Provided records: Begin

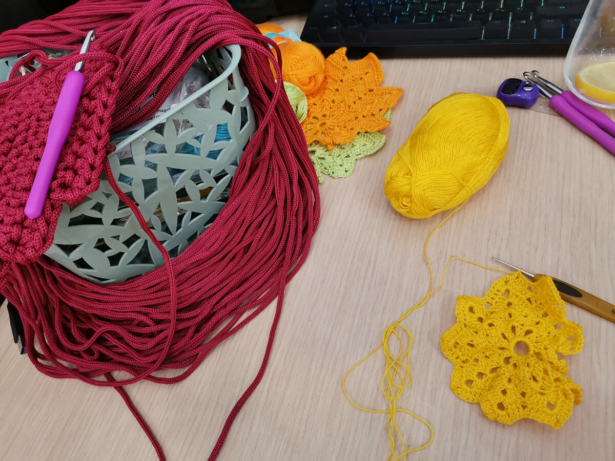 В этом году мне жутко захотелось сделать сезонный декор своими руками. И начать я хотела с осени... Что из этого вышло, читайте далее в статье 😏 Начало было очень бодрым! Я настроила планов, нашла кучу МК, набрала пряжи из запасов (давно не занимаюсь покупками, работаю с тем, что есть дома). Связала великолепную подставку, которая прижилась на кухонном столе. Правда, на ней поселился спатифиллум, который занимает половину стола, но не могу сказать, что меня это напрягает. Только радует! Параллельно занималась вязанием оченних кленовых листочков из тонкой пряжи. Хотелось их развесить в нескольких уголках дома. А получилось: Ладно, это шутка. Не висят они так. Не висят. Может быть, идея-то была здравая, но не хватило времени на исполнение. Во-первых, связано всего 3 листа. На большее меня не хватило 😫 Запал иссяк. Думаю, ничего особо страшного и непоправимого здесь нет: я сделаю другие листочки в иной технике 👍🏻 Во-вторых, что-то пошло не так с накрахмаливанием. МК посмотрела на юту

Provided records: End
Provided records: Begin

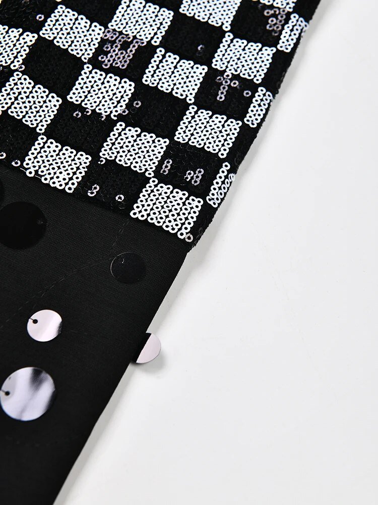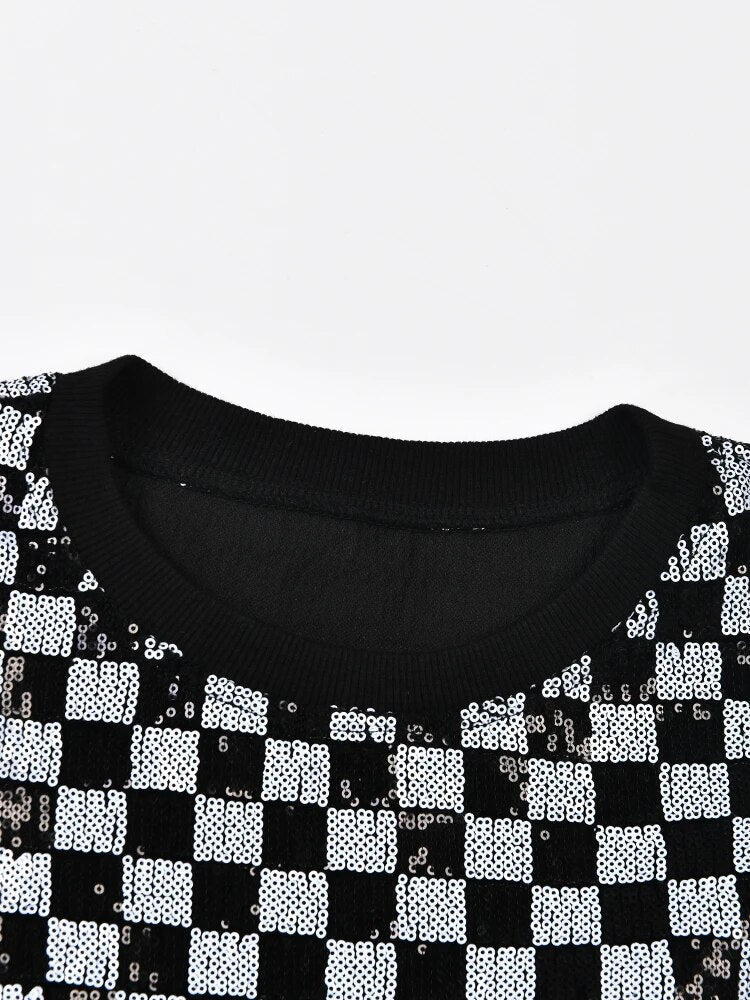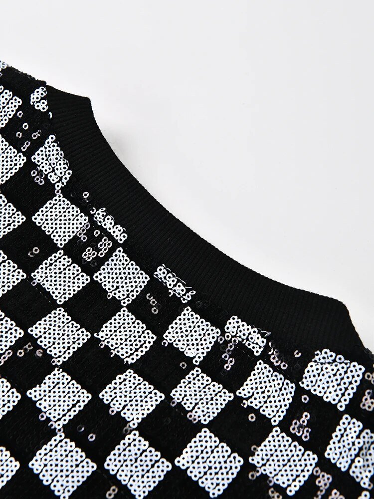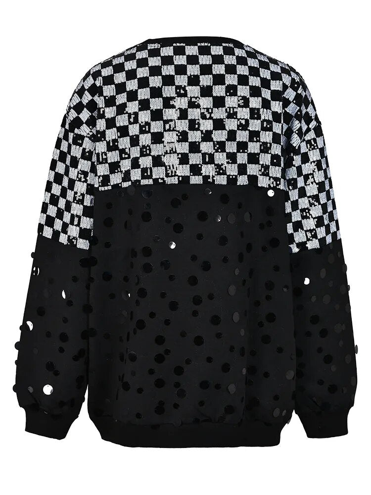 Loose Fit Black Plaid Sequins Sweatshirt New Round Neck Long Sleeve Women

Provided records: End
Provided records: Begin

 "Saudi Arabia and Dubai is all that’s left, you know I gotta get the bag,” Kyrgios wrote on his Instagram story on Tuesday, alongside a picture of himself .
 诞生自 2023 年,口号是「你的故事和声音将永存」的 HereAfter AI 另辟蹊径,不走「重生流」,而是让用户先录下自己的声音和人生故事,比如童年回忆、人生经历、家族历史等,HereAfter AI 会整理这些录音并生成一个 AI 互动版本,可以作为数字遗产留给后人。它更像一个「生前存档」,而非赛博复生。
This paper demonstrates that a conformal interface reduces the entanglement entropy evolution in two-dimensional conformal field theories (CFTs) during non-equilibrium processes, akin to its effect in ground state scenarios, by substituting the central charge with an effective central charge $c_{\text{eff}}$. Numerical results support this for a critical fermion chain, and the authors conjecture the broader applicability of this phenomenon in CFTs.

Provided records: End

> **What this task involves**
Print, from the entries above, the line with "诞生自 2023 年,口号是「你的故事和声音将永存」的", the line with "This paper demonstrates" and all lines between them, exactly and with nothing else.

> **Written response**
 诞生自 2023 年,口号是「你的故事和声音将永存」的 HereAfter AI 另辟蹊径,不走「重生流」,而是让用户先录下自己的声音和人生故事,比如童年回忆、人生经历、家族历史等,HereAfter AI 会整理这些录音并生成一个 AI 互动版本,可以作为数字遗产留给后人。它更像一个「生前存档」,而非赛博复生。
This paper demonstrates that a conformal interface reduces the entanglement entropy evolution in two-dimensional conformal field theories (CFTs) during non-equilibrium processes, akin to its effect in ground state scenarios, by substituting the central charge with an effective central charge $c_{\text{eff}}$. Numerical results support this for a critical fermion chain, and the authors conjecture the broader applicability of this phenomenon in CFTs.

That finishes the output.